Other slums in Nyeri that Mr Ngatia is targeting are Majengo and Kiawara.

In the last two years, Mr Ngatia has come up with a jua kali plastic reactor that he says cost him Sh80,000.

The gadget produces fuel through the process of pyrolysis, a thermochemical decomposition of organic material at raised temperatures in the absence of oxygen.
The process involves the simultaneous change of chemical composition and physical phase, and is irreversible.

Through anhydrous pyrolysis, Mr Ngatia has started producing liquid fuel similar to diesel from plastic waste with a higher cetane value and lower sulphur content than traditional diesel.

Using pyrolysis to extract fuel from end-of-life plastic, Mr Ngatia says, is a second-best option after recycling, is environmentally preferable to landfill and can help reduce dependency on foreign fossil fuels and geo-extraction.

Apart from helping the poor households, Mr Ngatia says that he will also help in cleaning up Nyeri town and it environs by recycling waste plastics and weaves.

“I’ll be part of that team that wants Nyeri County to regain its lost glory of being one of the cleanest town in the country as well as conserve the environment,” he notes.

Mr Ngatia says he mixes all kind of plastic apart from “pet”—that which is used to manufacture water bottles.
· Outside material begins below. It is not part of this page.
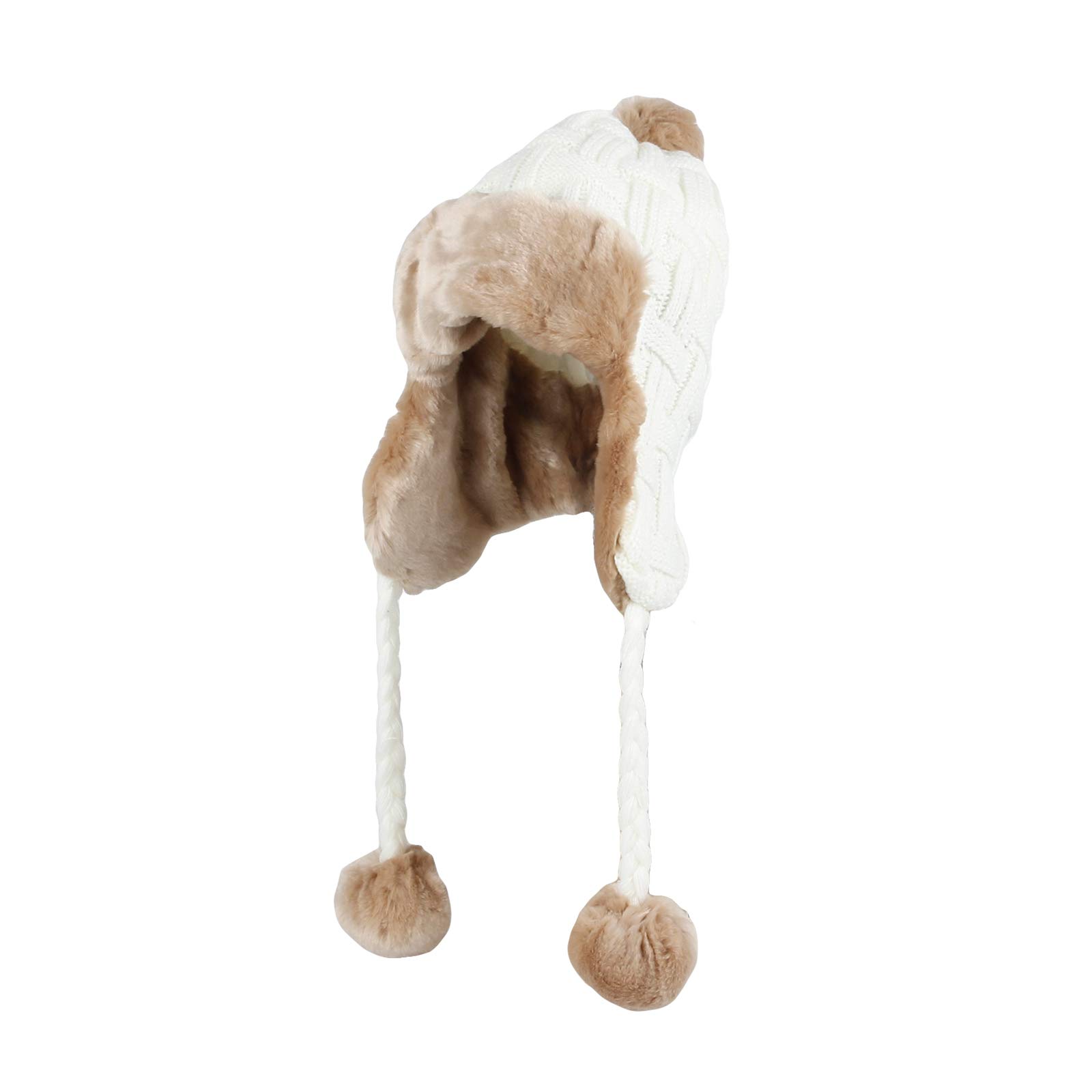 Теплая зимняя вязаная шапка с ушками и меховой подкладкой Moons FZ70022 (слоновая кость), Помпоны, Дизайн под плетение, слоновая кость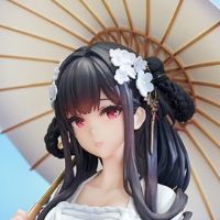 逸仙轻执长伞,绯红眼眸含情凝望,乌黑发丝层次分明,双髻缀以素雅白花,温婉气韵浑然天成。素色薄衫搭配清蓝飘带,衣褶自然舒展,半透材质精巧还原面料轻薄质感。 实木长凳、雕花高几,搭配红梅盆景与青瓷赏瓶,独具韵味的国风场景与逸仙的柔美身姿,共同营造此刻雅致氛围。 “值此佳节, 有幸与指挥官共赏一片风景,

At the same time, he says the oil can be used to run engines.

To find out if his oil was suitable for running engines, he says he was forced to buy an old Peugeot at Sh230,000.
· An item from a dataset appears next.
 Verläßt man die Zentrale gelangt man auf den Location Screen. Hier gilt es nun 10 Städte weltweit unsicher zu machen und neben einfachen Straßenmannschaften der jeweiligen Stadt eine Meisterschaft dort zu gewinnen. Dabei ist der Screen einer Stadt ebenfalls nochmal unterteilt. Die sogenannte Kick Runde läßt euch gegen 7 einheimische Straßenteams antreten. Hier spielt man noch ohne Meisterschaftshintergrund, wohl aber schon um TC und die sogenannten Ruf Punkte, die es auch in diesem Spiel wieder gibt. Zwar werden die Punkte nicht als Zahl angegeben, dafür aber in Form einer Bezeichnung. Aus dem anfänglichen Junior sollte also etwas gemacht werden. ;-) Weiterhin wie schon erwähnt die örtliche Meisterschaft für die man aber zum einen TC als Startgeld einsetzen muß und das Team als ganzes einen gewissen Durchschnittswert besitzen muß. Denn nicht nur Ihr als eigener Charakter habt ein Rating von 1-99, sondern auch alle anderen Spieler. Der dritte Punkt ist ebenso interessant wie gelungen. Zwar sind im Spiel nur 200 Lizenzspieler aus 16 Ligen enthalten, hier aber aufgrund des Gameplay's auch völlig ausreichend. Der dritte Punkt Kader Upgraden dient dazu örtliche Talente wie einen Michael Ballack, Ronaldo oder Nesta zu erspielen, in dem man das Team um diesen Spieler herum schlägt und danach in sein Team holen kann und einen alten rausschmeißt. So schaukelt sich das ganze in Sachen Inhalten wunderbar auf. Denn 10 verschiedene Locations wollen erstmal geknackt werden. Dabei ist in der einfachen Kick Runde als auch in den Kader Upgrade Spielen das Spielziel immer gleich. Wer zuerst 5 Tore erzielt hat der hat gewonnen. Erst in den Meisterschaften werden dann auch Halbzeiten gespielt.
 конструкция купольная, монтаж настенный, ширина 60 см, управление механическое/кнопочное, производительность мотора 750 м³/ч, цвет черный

With the car, he found out that the oil could run engines efficiently more so boilers in industries like those for tea without purifying.

To produce a litre of this oil, he says one needs a kilogramme of waste plastic. Currently, Mr Ngatia is modernising his reactor and wants it to produce 20 litres in every two hours.
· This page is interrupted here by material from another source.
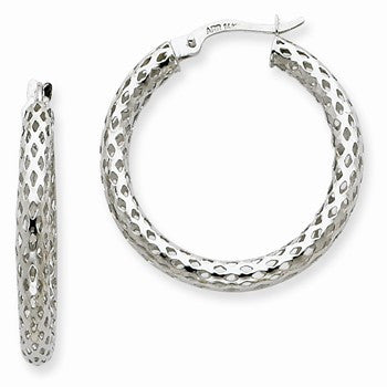 14k White Gold 3.5mm Mesh Round Hoop Earrings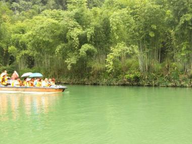 百鸟岩是个地下溶洞,长约一千五百米,有水上芦笛岩之称。每当朝霞初开或夕阳西斜的时候,成千上万的岩燕飞出洞口,贴水嬉戏...

However, the former KDF soldier says his main aim is to come up with a machine that will produce 2,000 per hour. “This will enable me meet the supply of this oil which has attracted a lot of buyers including those from without the slums,” he says.

Mr Ngatia buys plastic from people who supply to him at Sh10 per kilo.

He says he can use all the waste plastics in the county if his dream of coming up with a bigger machine comes true.

However, funding is a big challenge as he says to purchase a smaller reactor that only produces oil for a few households will cost him Sh1million.

“This is the main reason why I decided to assemble my own modernised reactor and with only Sh500,000, I can make a good reactor for this capacity,” he says.

Mr Ngatia says that already he has found a better market for his product with the buyer offering him Sh100 for every litre. However, he says his aim is not to sell to such “big” people but to those who cannot afford a litre of paraffin.

He sells the product at Sh70 but says he will lower the prices to Sh50 to make it more affordable to many when he manages to get the bigger reactor. In two months time, he hopes he will start producing the much he has been targeting.

He says his machine will also create jobs for plastic waste collectors.

“I just wish the county government will support me in this project that is usually expensive during the initial stages,” he notes.

From his pyrolysis process, he is able to get wax as the by-product. From the wax, Mr Ngatia manufactures candles which he says produces sufficient light and do not emit much soot.

If one conducts fractional distillation, he says one will get 10 per cent pure petrol, kerosene, diesel and wax.

The determined Mr Ngatia initially concentrated much on making briquettes but from his wide knowledge that he acquired from reading books, he has been able to come up with this new idea of recycling waste plastics into oil.